Richard Sharpe and the Siege of Badajoz,

January to April 1812

BERNARD CORNWELL


Sharpe’s Company is for the Harper family, Charlie and Marie, Patrick, Donna and Terry, with affection and gratitude

‘Brilliant! Sharpe is a great creation’

Daily Mirror

‘Now thou art come unto a feast of death’

WILLIAM SHAKESPEARE

HENRY VI, PART I, ACT 4, SCENE 5.


PART ONE

CHAPTER ONE


A pale horse seen a mile away at sunrise means the night is over. Sentries can relax, battalions stand down, because the moment for a surprise dawn attack has passed.

But not on this day. A grey horse would hardly have been visible at a hundred paces, let alone a mile, and the dawn was shredded with dirty cannon smoke that melded with the snow-clouds. Only one living thing moved in the grey space between the British and French lines; a small, dark bird that hopped busily in the snow. Captain Richard Sharpe, huddled in his greatcoat, watched the bird and willed it to fly away. Move, you bastard! Fly! He hated the superstition in himself. He had spotted the tiny bird and, quite suddenly and unbidden, the thought had come to him that unless the bird took wing within thirty seconds, then the day would end in disaster.

He counted. Nineteen, twenty, and still the damned bird hopped in the snow. He could not tell what kind of bird it was. Sergeant Harper would know, of course, the huge Irish sergeant knew all the birds, but knowing what kind of bird it was would not help. Move! Twenty-four, twenty-five, and in desperation he bundled a crude snowball and skittered it down the slope so that the small bird, startled, sprang up into the skeins of smoke with a couple of seconds to spare. A man must sometimes make his own luck.

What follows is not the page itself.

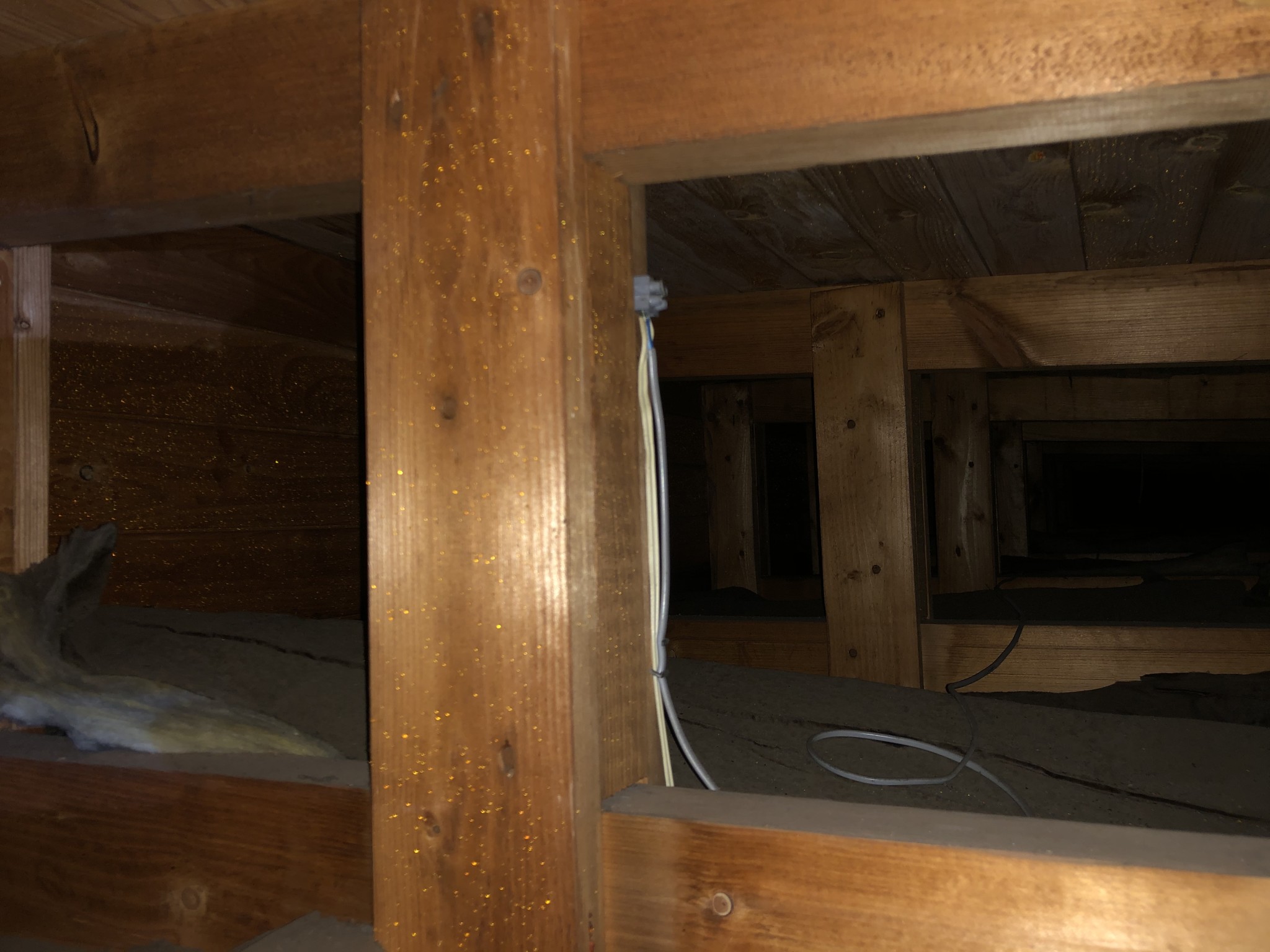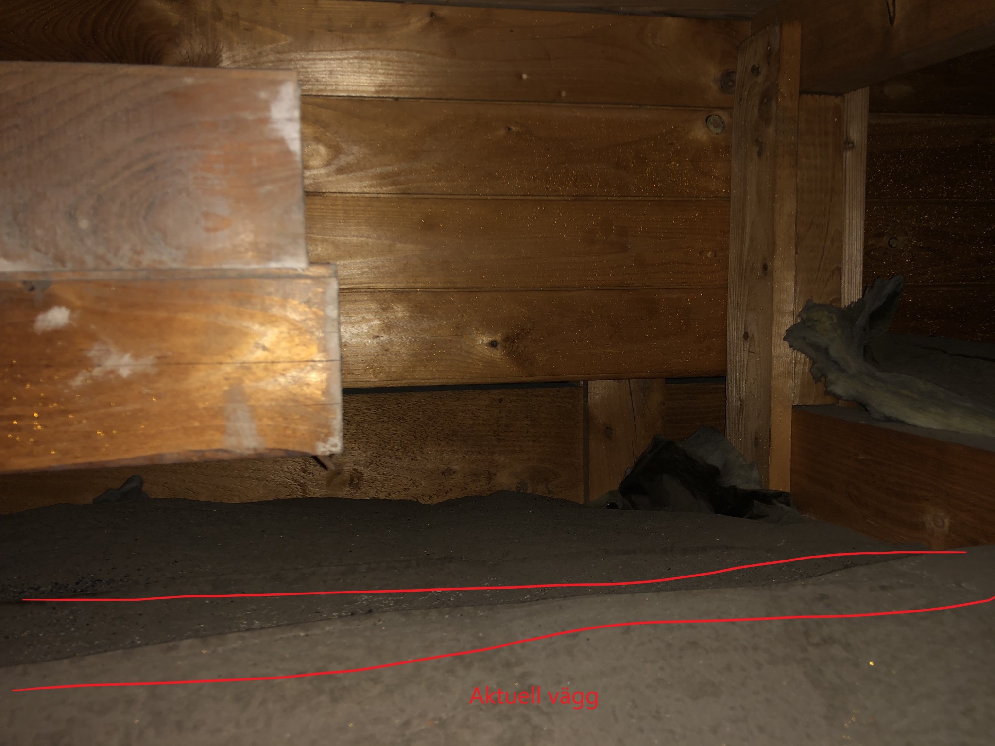 Väggen i fråga utgör/utgjorde en direkt fortsättning av ytterväggen i den aktuella huskroppen, och takstolarna (pulpettak) ligger förstås tvärs denna huskropps längsriktning (grönmarkerad på ritningen). Bifogad bild är ett försök att fotografera in ovanför den aktuella väggen, där det onekligen ser ut som att takstolarna har sitt upplag på den aktuella "väggresten"? Vad tror expertisen? Bör jag ta höjd i renoveringstagen för att vi kan behöva en rejälare avväxling här?

God! But it was cold! It was all right for the French. They were behind the vast defences of Ciudad Rodrigo, sheltered in the town’s houses and warmed by wide hearths, but the British and Portuguese troops were in the open. They slept by vast fires that died in the night and yesterday, at dawn, four Portuguese sentries had been discovered frozen, their greatcoats iced to the ground, dead by the river. Someone had tipped them in, breaking the Agueda’s thin ice, because no one wanted to dig graves. The army had taken its fill of digging; for twelve days they had done nothing else; batteries, parallels, saps and trenches, and they never wanted to dig again. They wanted to fight. They wanted to carry their long bayonets up the glacis of Ciudad Rodrigo, to go into the breach, to kill the French, and take those fires and houses for themselves. They wanted to be warm.

Sharpe, Captain of the South Essex’s Light Company, lay in the snow and stared through his telescope at the largest breach. He could not see much. Even from the hillside, five hundred yards from the town, the snow-covered slope of the glacis hid all but the top few feet of Ciudad Rodrigo’s main wall. He could see that the British guns had done damage and knew that the stones and rubble must have cascaded into the hidden ditch to make a crude ramp, perhaps a hundred feet wide, up which the attackers must climb to get into the heart of the fortress town. He wished he could see beyond the breach to the alleyways at the foot of the shot-scarred church tower that was so close to the walls. The French would be busy there, building new defences, siting fresh cannon, so that when the attack burst over the rubbled mound of the breach it would be met with precisely planned horror, flame and grapeshot, death in the night.